[Task requirements] Starting with the line that has "Montura: Cómoda, extremadamente" in the records below and ending with the line that has "Miu Term快捷功能鍵有", output those lines exactly and nothing more; omit the pictures.

[Records for this task]
====

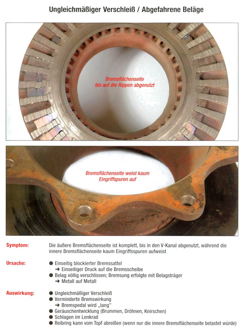 • Ungleichmäßiger Verchleiß /Abgefahrene Beläge
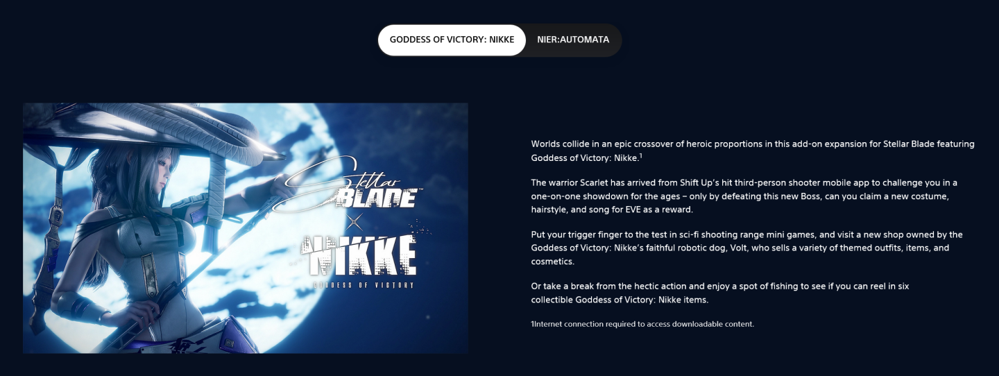 此外在 SIE 的《劍星》PS5 產品說明頁於美版官網語系上,率先更新了《勝利女神:妮姬》DLC 的內容如下:
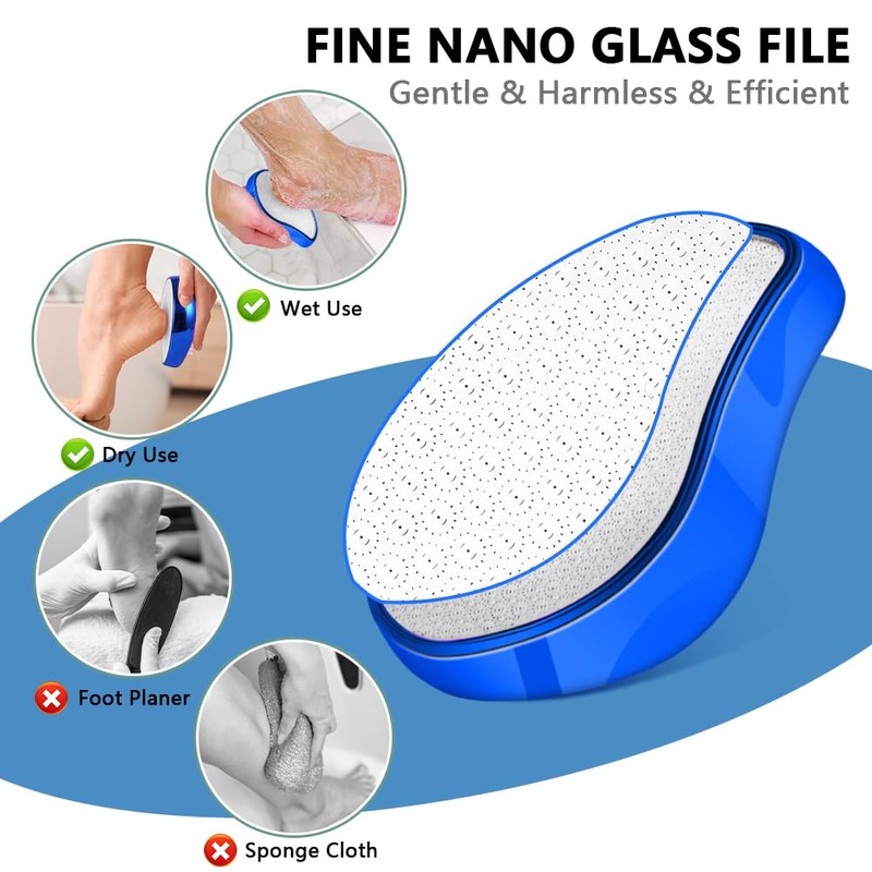 - 【INNOVATIVE NANO GLASS FOOT GRINDER】 —— The dead skin removing foot scrubber is made of high-density fine nano glass, durable, lightweight, stable and waterproof, with a more delicate surface, perfect for shaving off uncomfortable, cracked, dead and hard skin, making foot care look smoother.
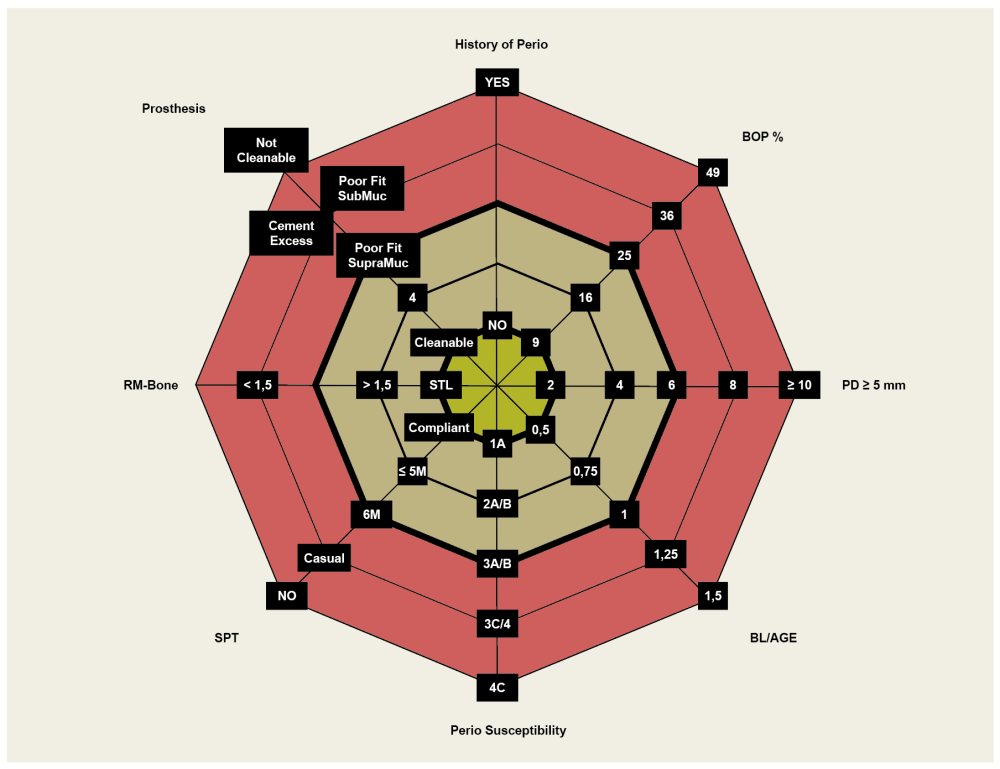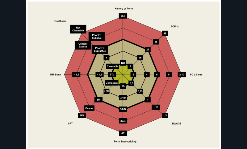 Diagramme d’évaluation des risques construit autour de 8 paramètres documentés pour être associés aux péri-implantites. En libre accès sur http://ircohe.net/IDRA, il est facile à remplir et peut entrer facilement dans une pratique quotidienne.
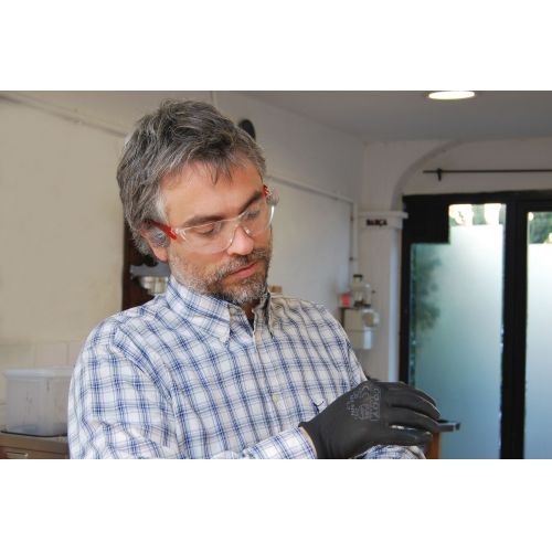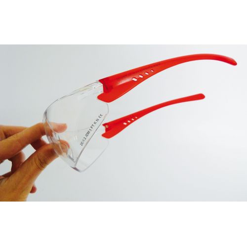 Montura: Cómoda, extremadamente envolvente, ergonómica y resistente. Gafas extremadamente ligeras para garantizar el mejor confort durante su uso. Patillas con tomas de aire laterales para crear una pequeña refrigeración en ambientes y trabajos con exposición a fuentes de calor.
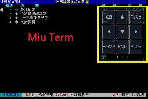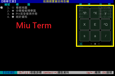 Miu Term快捷功能鍵有三頁之多,除了閱讀文章之外,連推文/發表文章都可用快捷鍵來輔助,甚至是搜尋文章的”/”也都有喔!更讚的是,使用者可以自己添加快捷鍵功能,創造一個最perfect的功能鍵。
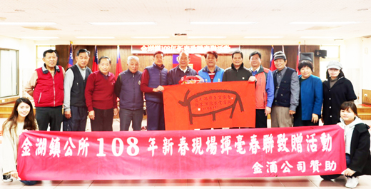 春節將近,金湖鎮公所舉辦贈送春聯活動,邀請地區包括吳宗陵、陳玉貞、陳應德、陳炳仁、陳有利、呂光浯、余鳴、許維銘、翁坤成、許夢麟、鄭有諒、許永贊、張素勤、李麒麟、孫國粹等知名書法家,在鎮公所撰寫春聯供民眾免費索取,吸引大批民眾前來,感受年味。 金湖鎮長陳文顧表示,年節將近,為使轄境內單親家庭、身障人士、獨居老人等弱勢家戶也能感受到政府的關懷,特別聯合金湖鎮代會、金門縣書法學會辦理此次贈送春聯活動,邀請金湖鎮民共渡農曆春節,同沾喜氣,免費提供需要的民眾自行索取春聯,也讓鎮公所喜氣洋洋、充滿年味。

====

[Solution to the exercise]
 Montura: Cómoda, extremadamente envolvente, ergonómica y resistente. Gafas extremadamente ligeras para garantizar el mejor confort durante su uso. Patillas con tomas de aire laterales para crear una pequeña refrigeración en ambientes y trabajos con exposición a fuentes de calor.
 Miu Term快捷功能鍵有三頁之多,除了閱讀文章之外,連推文/發表文章都可用快捷鍵來輔助,甚至是搜尋文章的”/”也都有喔!更讚的是,使用者可以自己添加快捷鍵功能,創造一個最perfect的功能鍵。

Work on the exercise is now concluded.